Meeting unions, Clinton offers support for $12 minimum wage
The US Department of State is expected to release some 4,400 pages of former secretary of state and presidential candidate Hillary Clinton’s emails amid growing controversy that she mishandled secret information on her private email account, US media reported ahead of the release.
Of the five classified emails, the one known to be connected to Benghazi was among 296 emails made public in May by the State Department.
But the tactic of deflecting continued controversy over the emails by placing the onus on State Department may strain relations with the Obama administration, which has been careful not to accuse Clinton of wrong-doing, while make clear it frowns on the practice of officials conducting business via personal email.
The regular releases of Clinton’s correspondence all but guarantee a slow drip of revelations from the emails throughout the Democratic presidential primary campaign, complicating her efforts to put the issue to rest.
That’s even though two inspectors general have said the emails did contain secrets.
The emails revealed the State Department knew Ambassador Stevens’ life was in danger 18 months before the 2102 terrorist attacks.
Get the hottest, most important news stories on the Internet – delivered FREE to your inbox as soon as they break! Clinton has said she never sent classified information from her private email server, which The Associated Press was first to identify as operating in her home in New York.
There is also growing tension between the State Department and various intelligence agencies who fear that officials have not been careful enough in deciding what to release.
The U.S. official said the intelligence community has been informed that secret information had been contained in some of Mrs. Clinton’s private emails that originated from the FBI, the DNI and the CIA as well as a spy satellite agency.

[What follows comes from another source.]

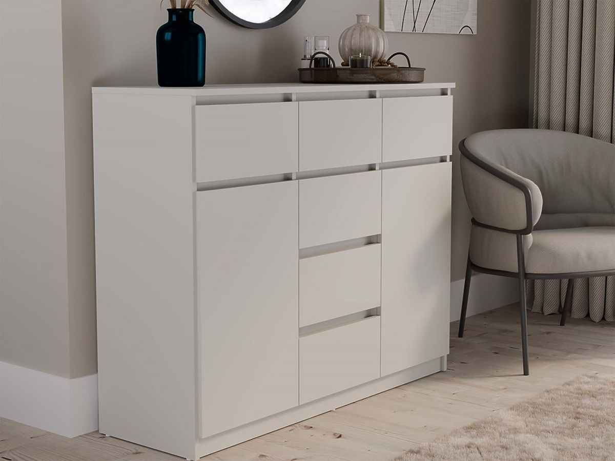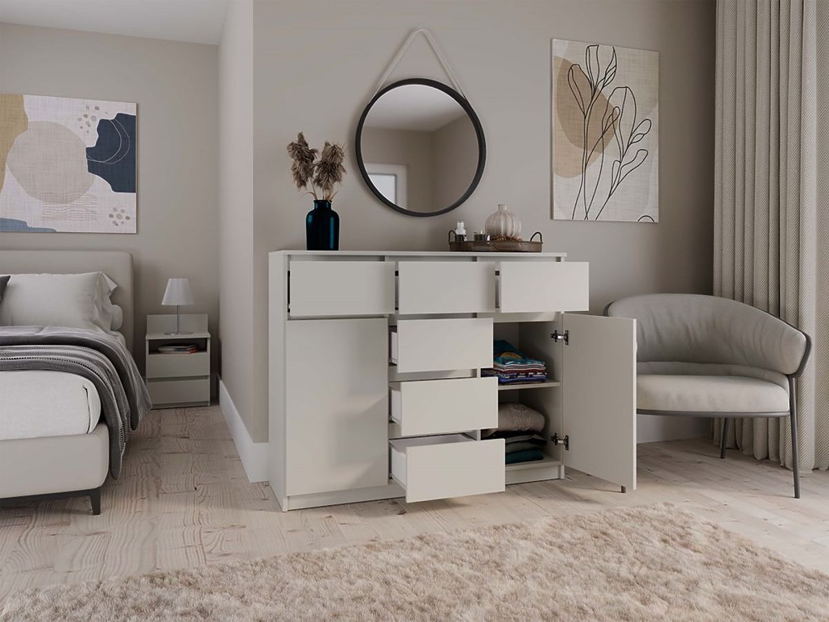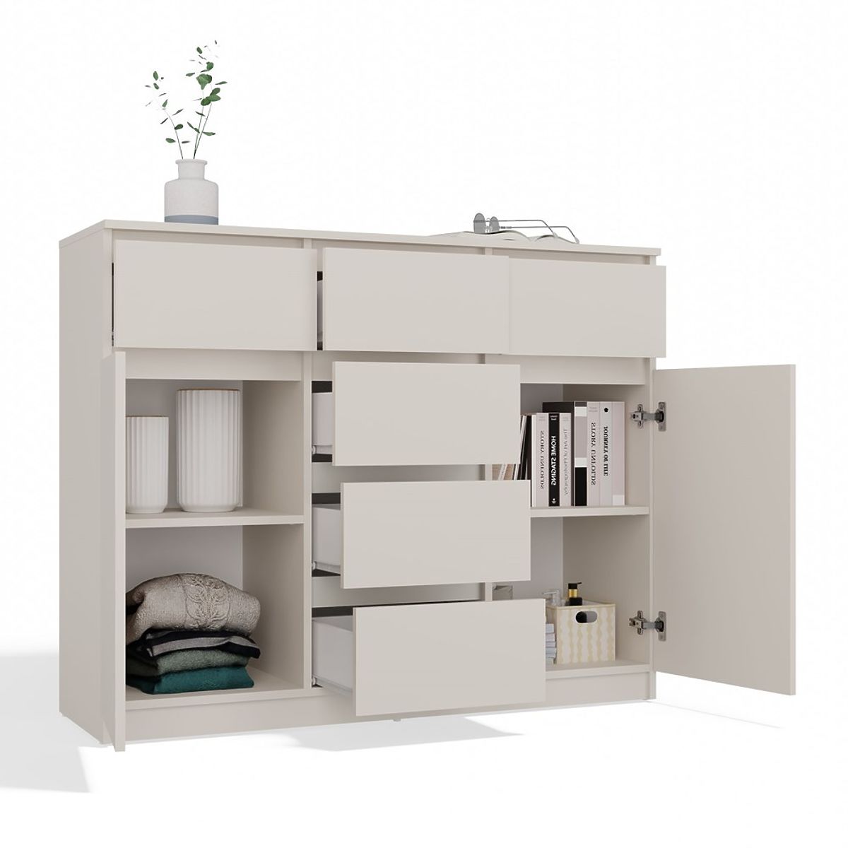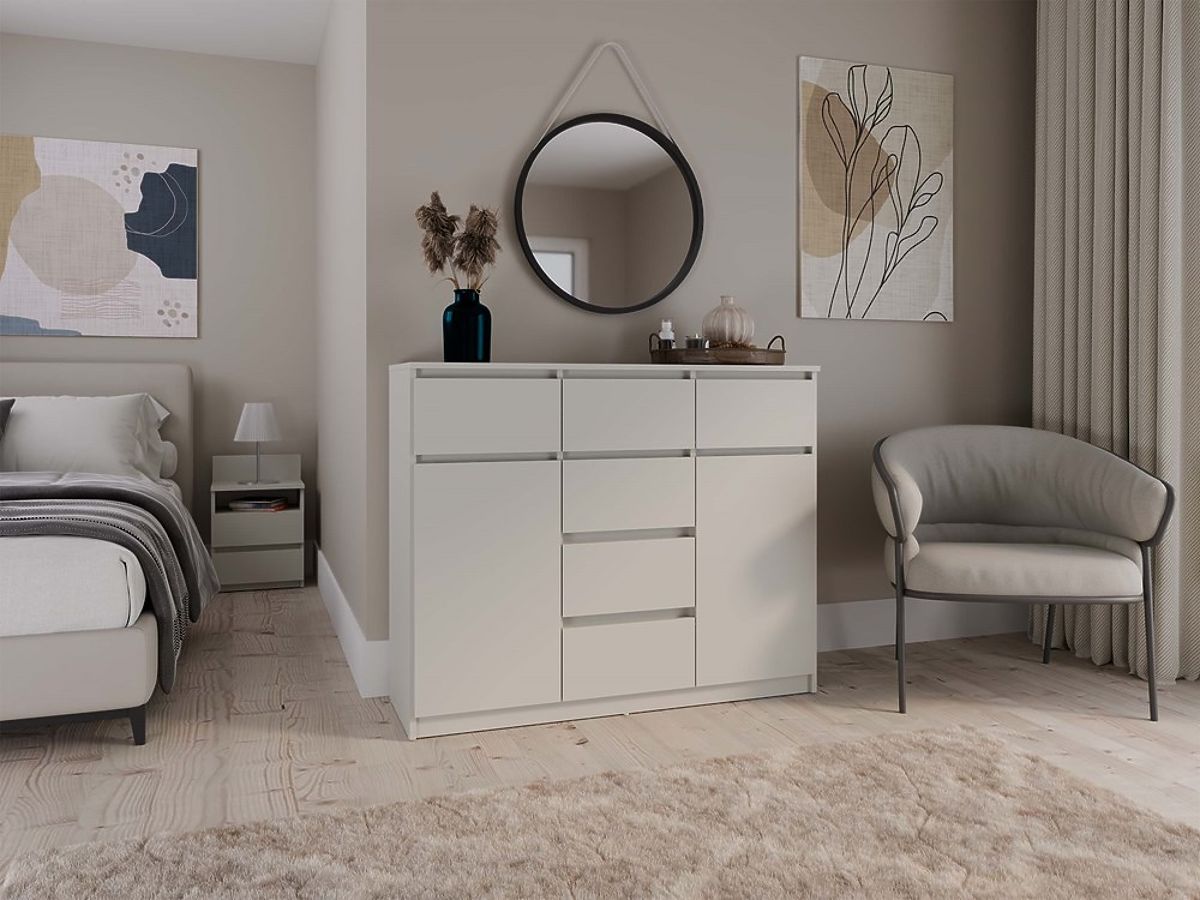 Geräumigkeit und Funktionalität: Die Kommode ist mit 2 Türen und 6 geräumigen Schubladen ausgestattet, die bei der Organisation Ihres Raumes helfen. Ideal für Schlafzimmer, Wohnzimmer, Kinderzimmer oder Flur – überall dort, wo zusätzlicher Stauraum benötigt wird.

Gerlach added that “much of what is contained in the former Secretary’s emails does not relate to programs and operations over which the (intelligence inspector general) has oversight responsibilities”.
In 2,206 pages of emails, the government censored passages to protect national security at least 64 times in 37 messages, including instances when the same information was blacked-out multiple times.
“The lax storage and safeguarding of this information could have serious consequences to national security”, Johnson warned. He called on Comey to explain what steps the Federal Bureau of Investigation had taken to secure the information.
With this release, the campaign says 38 years of Clinton tax returns have been available to the press over the course of her career, dating back to 1977. “There is no classified material”. Not all of the tax returns are now online, but the official said the tax forms were made available during the Clinton’s first run at elected office. The four emails, which have not been released through the State FOIA process, did not contain classification markings and/or dissemination controls.
There is also the matter of the classified information that found its way onto her insecure email system.
Clinton’s decision not to use a State Department email account has become a political problem for her, as Republicans seize on the disclosures to paint her as untrustworthy and willing to break rules for personal gain.
On June 25, McCullough notified members of Congress that he understood that Clinton’s attorney, David Kendall, possessed the more than 30,000 Clinton emails on a computer thumb drive.